Да? Хорошо, что тут нет зеркала. Это что ж у меня на голове, если он позволяет себе так высказываться? Покорно повернулась к нему спиной. Не нравится — вот пусть и делает, как нравится.

— В культуре же вампиров знания о цветах и их смысле — у каждого в крови. Мы не просто знаем, мы это чувствуем, поэтому, даже не задумываясь об этом, любой вампир всегда выберет именно тот цветок, который отражает его настроение, его отношение, его чувства и намерения. Любой цветок, подаренный любым вампиром всегда имеет смысл. Поэтому — да, иногда стоит и задуматься.

— Так расскажи конкретно, чтоб мне было о чем задумываться. А то любуюсь я на твои тюльпаны, а может, надо срочно их тебе возвращать.

— Оставь. Я же сказал, это от души. Тюльпаны означают нежность. Хрупкость, быстротечность. Уязвимость. Особенно, когда цветут среди зимы. Не их время года.

— Что-то я не очень понимаю твои ассоциации…

— Даже нежность?

— А почему только нежность? А почему не любовь? И, кстати, что у вас обозначает любовь? Роза?

— Разная бывает любовь. Разные цветы, разные оттенки. Роза тоже в чем-то любовь. Но вот ее надо сто раз подумать, прежде чем принять от вампира.

— Почему?

— Потому, что согласно поверью, с красотою розы может сравниться лишь красота девы. И если кто-то срезал для тебя розу, то лишь для того, чтобы срезать взамен твою красоту. Тебя. Роза означает смерть, Лариса. Достойным ответом на подаренную розу может быть только подаренная жизнь. Держи, — он протянул мне расческу. — Косы плести не буду. Не умею и учиться не собираюсь. Охота вам себя уродовать — так делайте это без моей помощи.

— Тебе не нравятся косы? — я была шокирована едва ли не больше, чем рассказом о розе. — Но это же красиво!

— К сожалению, не одна ты так думаешь. Поэтому приходится терпеть. Основы традиционной культуры, куда ж деваться. Так что заплетай свою красоту, нам сейчас еще визит вежливости наносить.

— Кому? — удивилась я. К такому я как-то готова не была.

— Да надо попрощаться. Потом поедем домой. Ты вполне здорова, так чего и место занимать.

— К тебе домой? — он все-таки возьмет меня с собой, совсем, навсегда!

— К тебе домой, Лариса. К маме с папой. Я дарю тебе тюльпаны, а не розы. И я не готов передумать.

— Но почему?

— Почему? Наверное, потому, что я не только Высший, но и Древний. Из тех, кто еще сохранил способность любоваться красотою сада, а не только срезать в нем все цветы, на которые наткнешься.

— Древний? То есть ты, все-таки, очень старый? Даже по вампирским меркам?

— Да нет, не старый. Я стал Древним, еще будучи довольно молодым. Так у нас называют тех, кто… видел другое солнце. Понятнее объяснить не могу, прости. Но между нами и теми, кого принято называть Новыми, почти что пропасть. Они уже не растят садов, просто не могут, не чувствуют землю, не ощущают биение жизни. Они могут только брать, создавать у них уже не выходит. Вот и бродят по моим оранжереям мои молодые друзья с садовыми ножницами, выклянчивая мои розы, да еще обвиняют меня, что я жадный, цветочки мои берегу. А я — да, жадный. Потому что все еще умею смотреть, не срывая. Так что пока цвети, мой цветочек, а там посмотрим, как оно обернется… Заплела свои косы? Есть, чем завязать?

— Только заколка твоя.

— Заколи хоть заколкой. Может и впрямь — разрезать ее тебе на две, в одну косу вы же волосы не плетете.
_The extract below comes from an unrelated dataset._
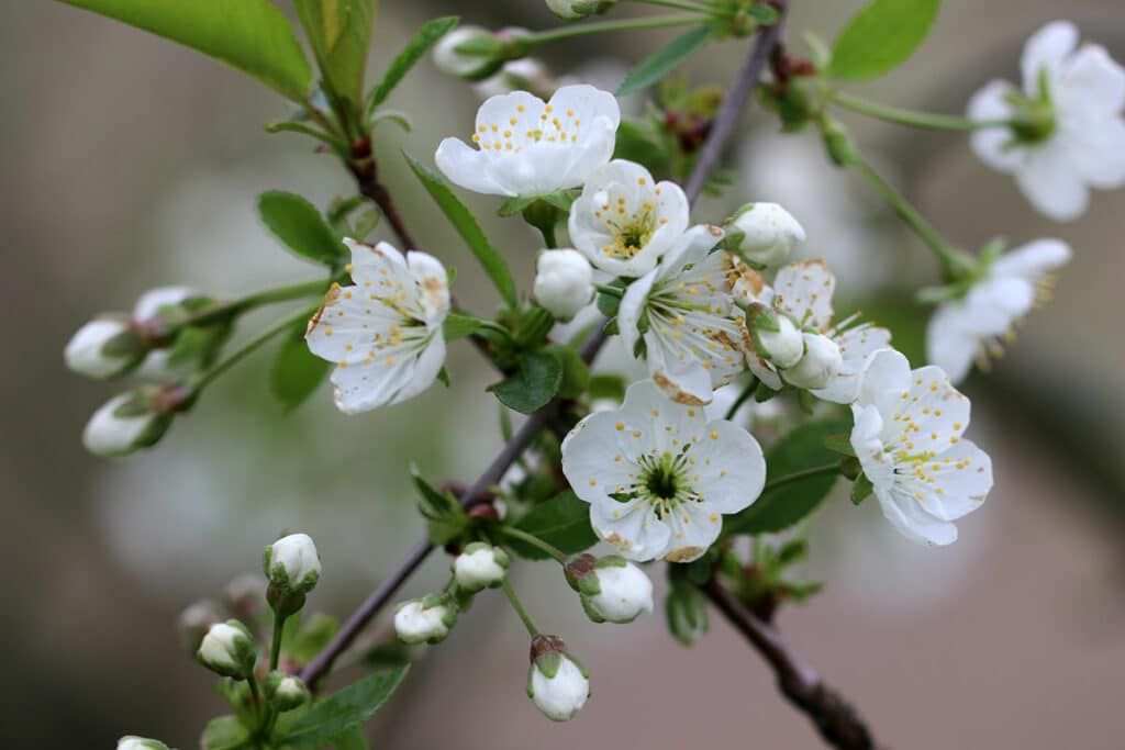 Der Apfelbaum ist aufgeblüht. Nun summen alle Bienen.

— Не надо! — я даже испугалась. Как это можно! Резать, да по живому! — Ты испортишь узор!

— Он бессмысленен.

— Он красив. Он живой. Он — это ты.

— Вот уж не думал, что ты сможешь это так почувствовать, — Анхен покачал головой, провел рукой по моим волосам. — Ну, пойдем друга твоего навещать.

— Какого друга?

— Да некоего Петю Ковалева. Помнишь еще, кто это?

— Петьку? А где он? Что с ним? — странно, до сего момента мысли о Петьке меня не посещали. Вообще.
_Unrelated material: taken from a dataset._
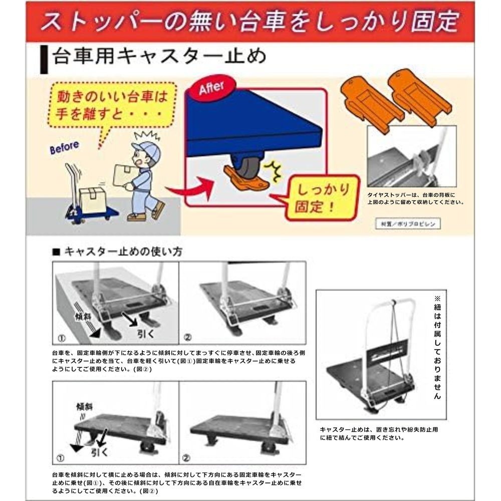 少しの傾斜でも台車が動いてしまう為、キャスターを固定するストッパーを付きです。

— А он, Лариска, на другом конце коридора. Здесь, знаешь ли, очень традиционное размещение палат: девочки налево, мальчики направо.

— Он что, тоже заболел? — испугалась я. — Но ведь все обойдется, ты же ему поможешь?

— Ну, шансов не заразиться у него просто не было. А помощь ему моя не нужна, болезнь не смертельная. Проблема с лекарствами решена. Так что, через пару недель поправится.